===== LISTED RECORDS =====
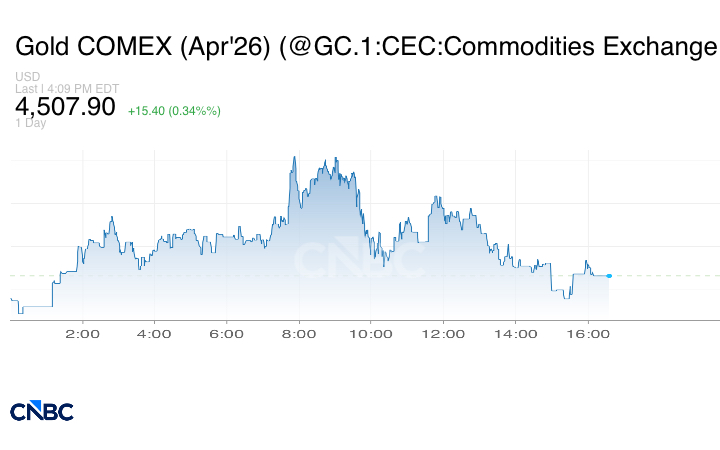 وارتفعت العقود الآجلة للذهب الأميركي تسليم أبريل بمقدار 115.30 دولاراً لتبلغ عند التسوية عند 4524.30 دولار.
=====
===== LISTED RECORDS =====
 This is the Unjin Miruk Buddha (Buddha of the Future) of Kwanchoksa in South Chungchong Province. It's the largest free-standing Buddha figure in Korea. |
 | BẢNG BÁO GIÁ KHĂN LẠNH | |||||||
=====
§ **ASSIGNED TASK**
Copy the stretch of the records above that runs from the line with "This is the" through the line with "KHĂN LẠNH | |||||||". Both end lines belong in the copy, and nothing else does.

§ **ANSWER SECTION**
 This is the Unjin Miruk Buddha (Buddha of the Future) of Kwanchoksa in South Chungchong Province. It's the largest free-standing Buddha figure in Korea. |
 | BẢNG BÁO GIÁ KHĂN LẠNH | |||||||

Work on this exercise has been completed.